• _SUPPLIED MATERIAL_
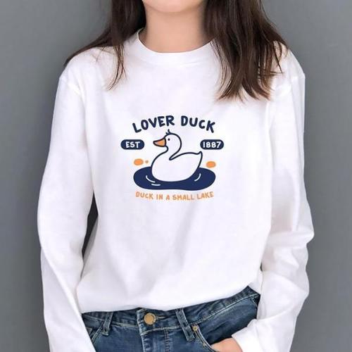 [험블스튜디오][험블스튜디오] 오버핏 오리 레트로 로고 프린트 라운드넥 여름긴팔티셔츠 화이트 (3669482)
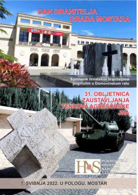 Svečano obilježavanje 31. godišnjice zaustavljanja tenkova JNA i Dana branitelja Grada Mostara održat će se 7. svibnja u Mostaru i Pologu, priopćila je mostarska HVIDRA.
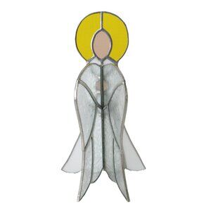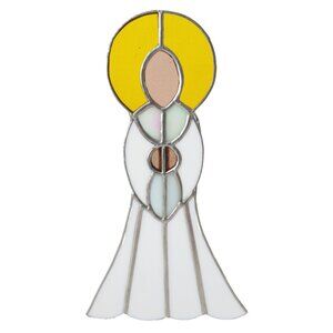 Vintage Stained Glass Angel 3D Standing White Yellow
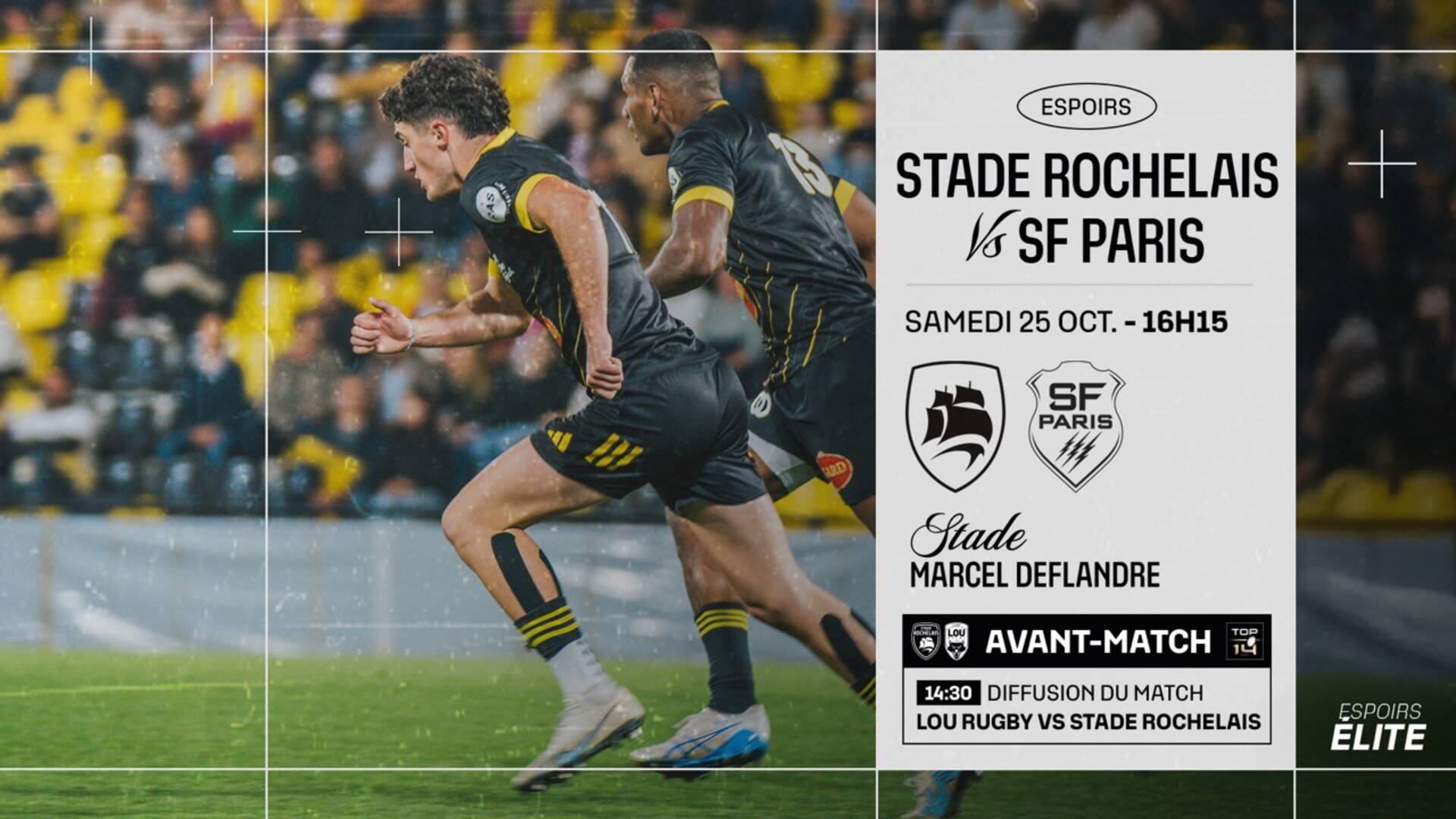 - 16h15 : Espoirs Stade Rochelais vs Espoirs Stade Français Paris
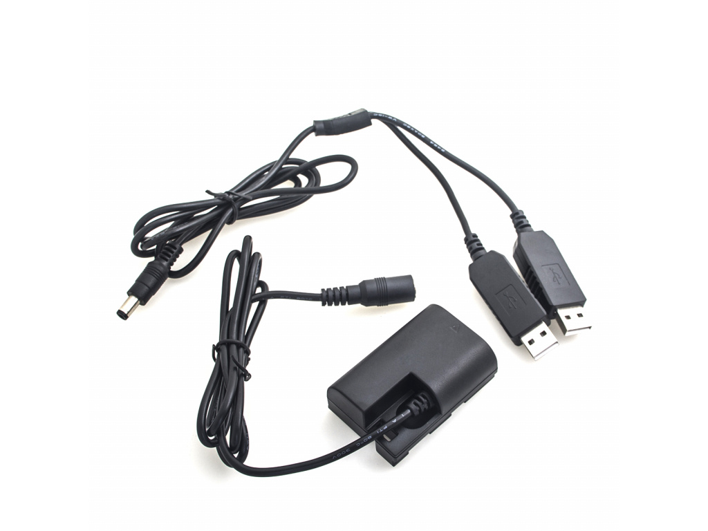 Bateria Dummy służy do tzw. niekończącego się zasilania kamer. Wystarczy włożyć baterię Dummy do komory kamery zamiast standardowej baterii do ponownego ładowania, a drugi koniec można podłączyć do akumulatora lub urządzenia ze złączem USB. Szybki i bezpieczny sposób zasilania kamery bez baterii.
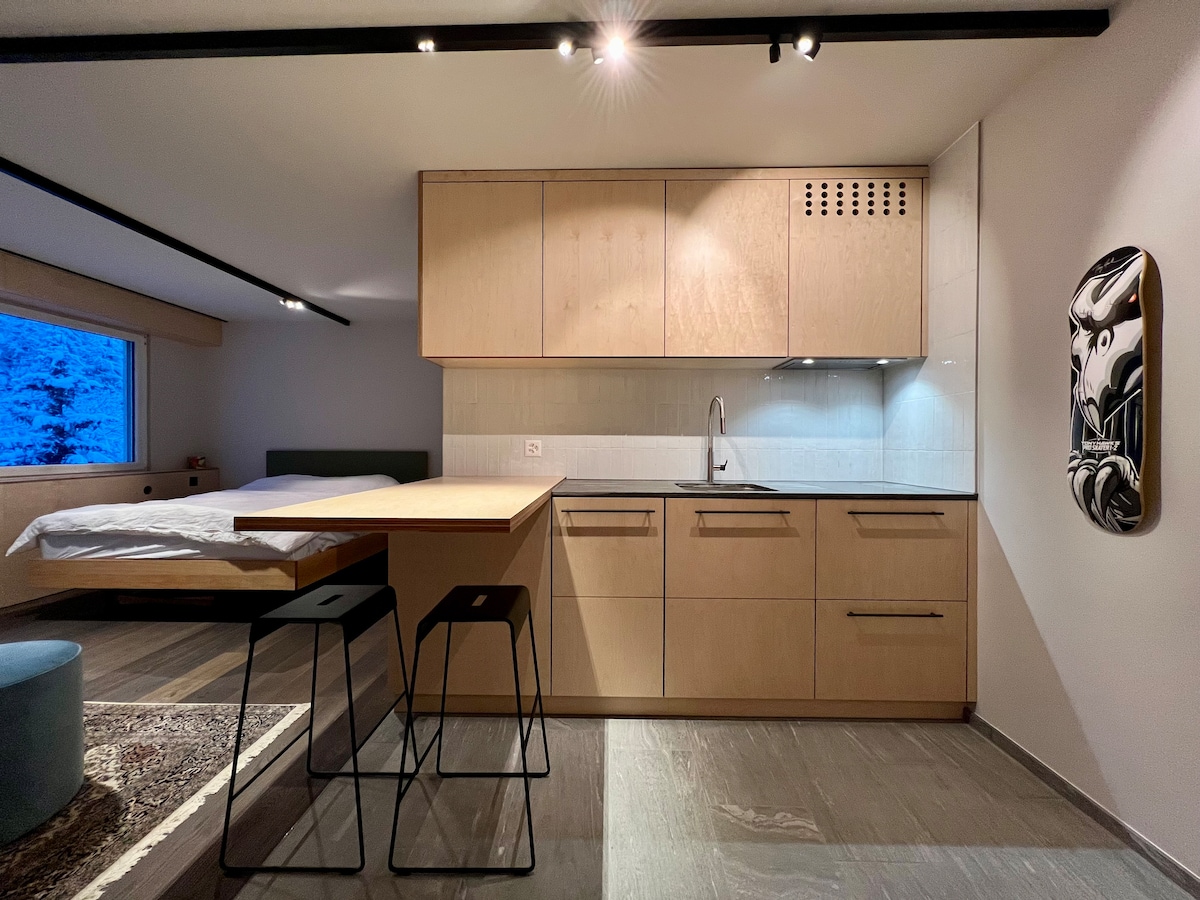 Studio in Laax with pool, saunas and mountain view near-by the ski lifts. Modern kitchen with stove, oven, dishwasher, refrigerator, Nespresso coffee maker, dining table with chairs. A premium King size bed (180cm x 200cm), a Sofa bed couch and a 50’’ inches wall digital smart Samsung TV, Wi-Fi and global channel package. The apartment has a sunny oriented balcony; all lights are dimmable to maximize living comfort during the different hours of the day. Guest Card incl. Free outside parking!

• _HOW TO COMPLETE THIS TASK_
Where pictures appear, omit them, and transcribe exactly, with nothing else, the lines from the line with "Bateria Dummy służy" through the final line of the records above, both ends included.

• _RESPONSE_
 Bateria Dummy służy do tzw. niekończącego się zasilania kamer. Wystarczy włożyć baterię Dummy do komory kamery zamiast standardowej baterii do ponownego ładowania, a drugi koniec można podłączyć do akumulatora lub urządzenia ze złączem USB. Szybki i bezpieczny sposób zasilania kamery bez baterii.
 Studio in Laax with pool, saunas and mountain view near-by the ski lifts. Modern kitchen with stove, oven, dishwasher, refrigerator, Nespresso coffee maker, dining table with chairs. A premium King size bed (180cm x 200cm), a Sofa bed couch and a 50’’ inches wall digital smart Samsung TV, Wi-Fi and global channel package. The apartment has a sunny oriented balcony; all lights are dimmable to maximize living comfort during the different hours of the day. Guest Card incl. Free outside parking!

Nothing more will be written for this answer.